►

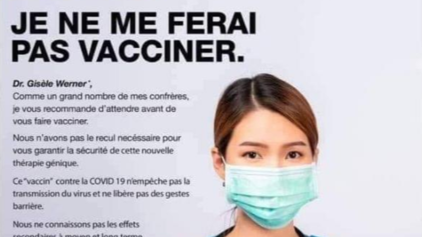 À l'opposé sur l'affiche détournée, on y lit le texte "Je ne me ferai pas vacciner" et un visuel identique qui montre une personne du corps médical portant un masque et le nom fictif de "docteure Gisèle Werner". S'ensuit tout un argumentaire expliquant pourquoi il ne faut pas se faire vacciner contre le coronavirus.
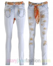 Womens Acid Wash Distressed Gold Glitter Jeans
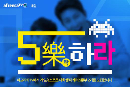 ...게임·e스포츠 대학생 마케터 5樂부 지원은 아프리카TV 홈페이지에서 지원서를 다운받아 작성 후, 이메일(marketer@afreecatv. com)로 접수하면 된다. 모집 기간은 13일부터 24일까지이며 게임·e스포츠 마케팅에 관심 있고, 월 2회 수도권 오프라인 모임 참가가 가능
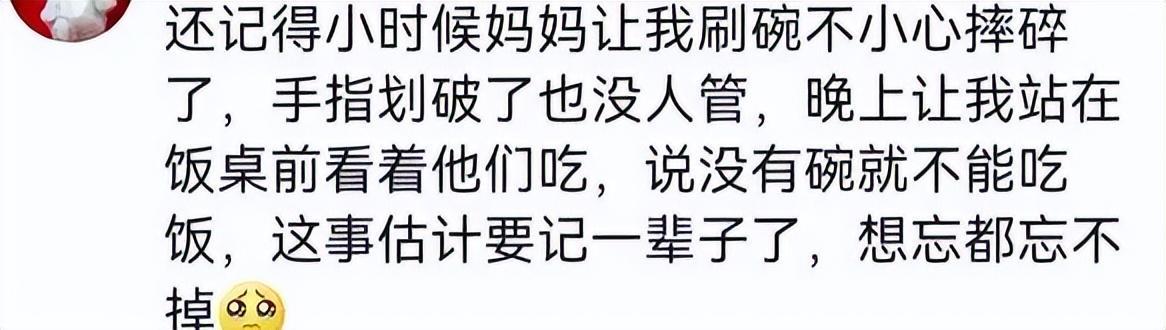 有網友說:“我偷摸跑出去,撿回兩捆柴,我媽白我一眼,我纔敢進廚房喫了一碗剩飯……”
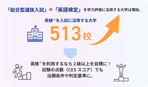 近年、英検®を入試の評価基準として活用する大学が増えています。早期から英検®対策を始めることで、受験の際に有利に働き、進学のチャンスを広げることができます。
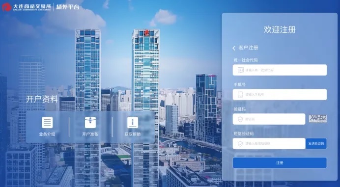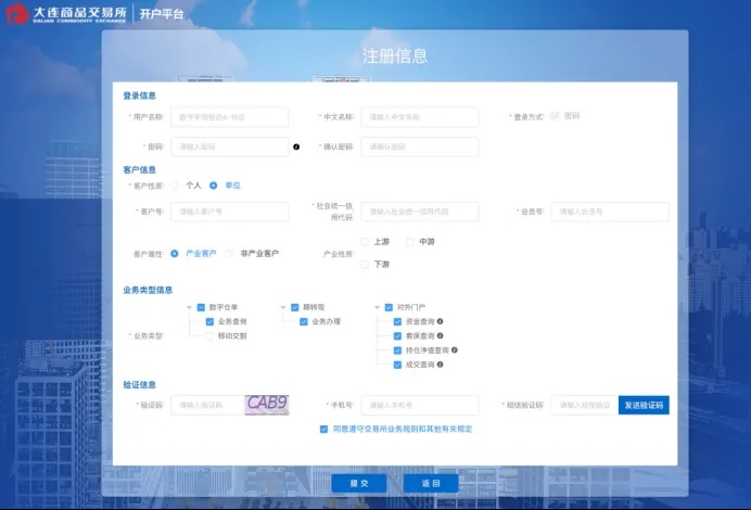 支持已在期货市场开户的客户注册登录,需填写用户名称、中文名称、密码等登录信息,填写客户号、社会统一信用代码等用于校验客户身份,填写会员号用于审批客户注册,选择业务类型用于开通业务权限,填写验证码、手机号、短信验证码用于安全校验。
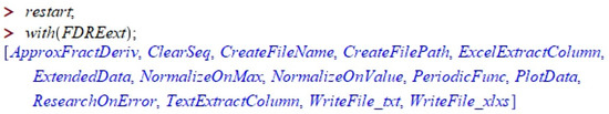 This library (subroutine) contains: procedures for the numerical analysis of the fractional Riccati equation with a variable fractional order of the Gerasimov-Caputo type derivative and nonconstant coefficients, and with the ability to visualize the results, more details in [24]. Program code for <<FDREext>> has [38] certificate of state registration of computer programs. The library for the solution is called using the instructions shown in the Figure 2:
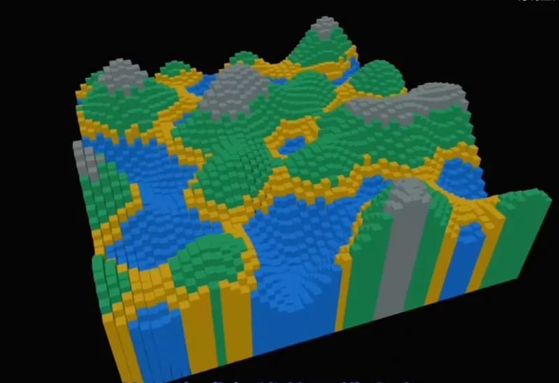 甚至,我们可以将2D噪声映射到3D空间的高度轴上,从而生成起伏的3D山峦。
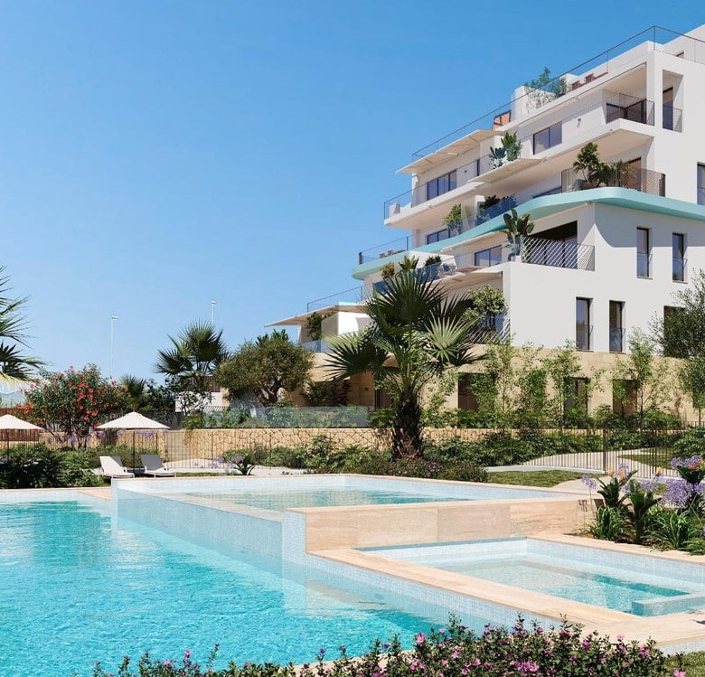 Newly built homes on the seafront, Playa del Torres, Villajoyosa, Alicante.22 homes on the beachfront, bathed in the warm light of the Mediterranean.An exclusive residential area that offers 1, 2 and 3 bedroom homes. You can choose between ground floors with gardens, apartments with large terraces and penthouses with solariums, all of them with unparalleled views of the sea.Located just 50 meters from the shore, this oceanfront oasis offers you spacious spaces full of natural light that invite you to relax and enjoy the impressive views from its generous terraces. Every detail of its avant-garde design has been carefully planned to make the most of the light, making the terraces the ideal place to disconnect and enjoy the sea breeze while contemplating the horizon.Located on the beachfront, in a stunning natural environment, this development offers a wide range of amenities, including an outdoor pool, gardens, children’s area, equipped gym, heated pool and sauna.The exceptional quality of the materials merges harmoniously with nature in the architecture, thus creating a unique residential project, designed to provide you with an environment where you can enjoy the life of your dreams.The homes have large terraces and sea views, allowing you to enjoy the sunrise from the front row. We invite you to live the Mediterranean in a special way: without noise, without traffic jams and away from the crowds.Each home has been designed with exquisite detail, offering fully equipped kitchens, central air conditioning with Air Zone system, underfloor heating, complete bathrooms with suspended toilets, furniture, mirrors and shower screens, automatic blinds, home automation system and much more .Located in Playa del Torres, Villajoyosa. Close to all types of shops and services, and well connected to the towns of Villajoyosa and Benidorm, and to the A7 motorway that runs along the Mediterranean coast.
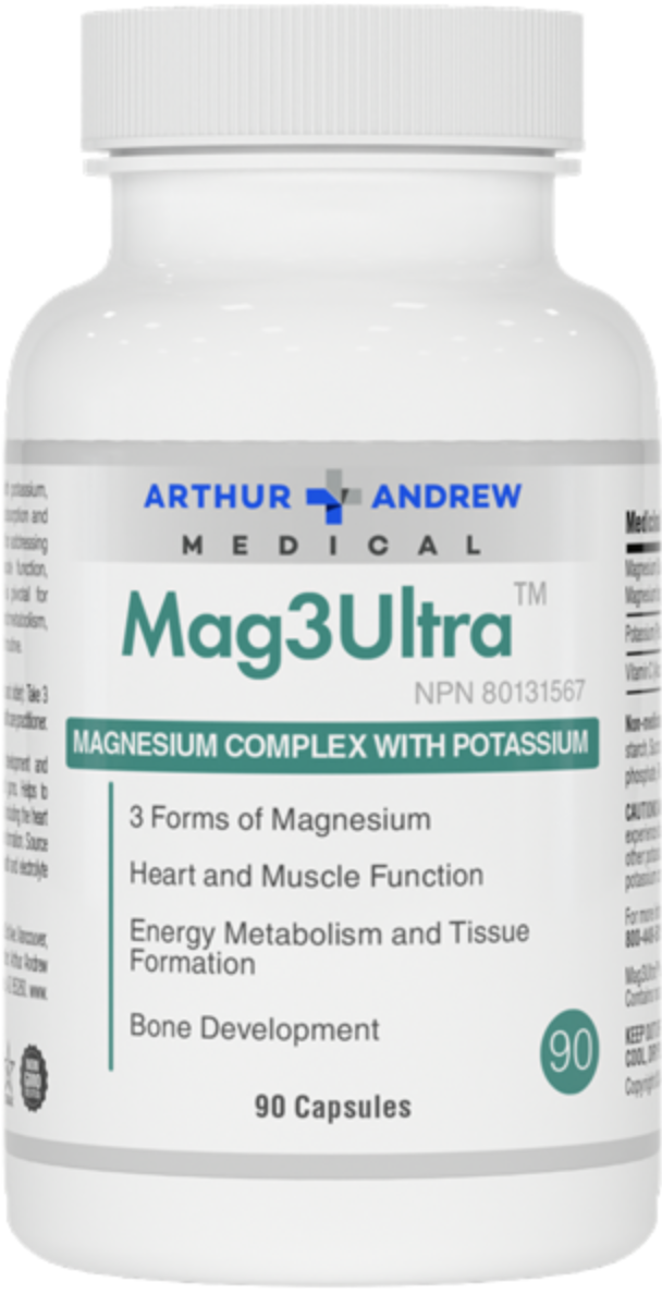 Mag3Ultra from Arthur Andrew Medical is a premium triple-form magnesium supplement enhanced with potassium that supports countless metabolic processes such as heart, bone, and muscle function, as well as sleep quality.
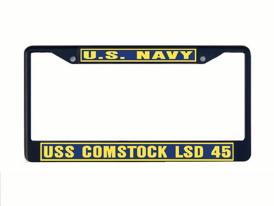USS COMSTOCK LSD 45 License Plate Frame Metal or Plastic Military USN PF001
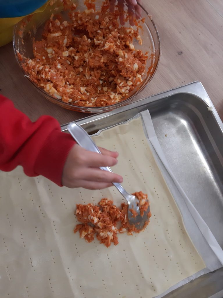 Durante estas conversaciones, Mario nos contó que cuando va al bosque con su familia suelen llevar hornazo, una receta típica de Salamanca parecida a la empanada. A partir de ahí , investigamos cómo se elabora y descubrimos que lleva ingredientes como lomo adobado, chorizo y jamón ibérico.
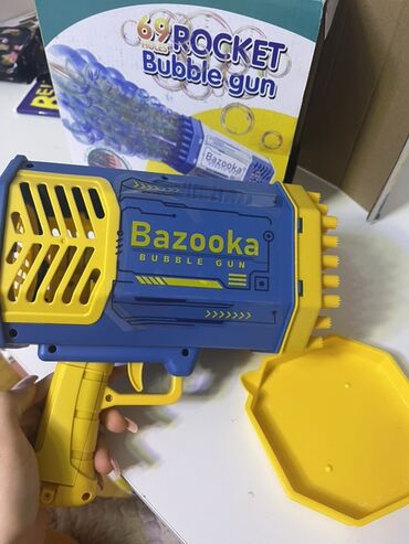 Qutu üzərində: “ROCKET Bubble gun – 69 Holes” və “Bazooka Bubble Gun” yazıları.
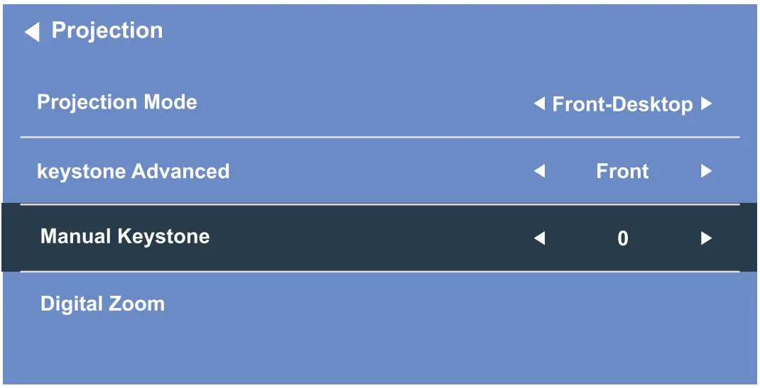 - Choose(Keystone Advanced), press Right button ► or Left button ◄ to turn it into ( Front Mode)
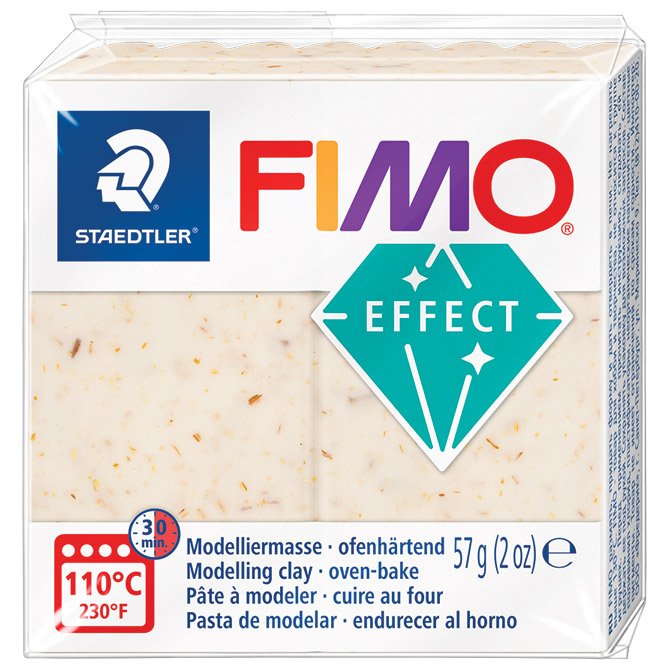 57 g; stvrdnjava se u pećnici (30 minuta na 110°C); mekana; lako se oblikuje; izvrsno se miješa sa Fimo soft, Fimo leather-effect i Fimo professional; pločica je podijeljena na 8 jednakih dijelova radi lakšeg kombiniranja boja; botanički efekt sa česticama biljaka; idealno za kreativne projekte sa romantičnim boho izgledom; za početnike i umjetnike amatere; idealna za izradu nakita, dodataka, predmeta za uređenje doma i sl.

◄

> [Work required]: Leave out the pictures, and extract exactly the lines from the one with "Bubble gun –" through the end of the records, both ends included.

> [Exercise result]:
 Qutu üzərində: “ROCKET Bubble gun – 69 Holes” və “Bazooka Bubble Gun” yazıları.
 - Choose(Keystone Advanced), press Right button ► or Left button ◄ to turn it into ( Front Mode)
 57 g; stvrdnjava se u pećnici (30 minuta na 110°C); mekana; lako se oblikuje; izvrsno se miješa sa Fimo soft, Fimo leather-effect i Fimo professional; pločica je podijeljena na 8 jednakih dijelova radi lakšeg kombiniranja boja; botanički efekt sa česticama biljaka; idealno za kreativne projekte sa romantičnim boho izgledom; za početnike i umjetnike amatere; idealna za izradu nakita, dodataka, predmeta za uređenje doma i sl.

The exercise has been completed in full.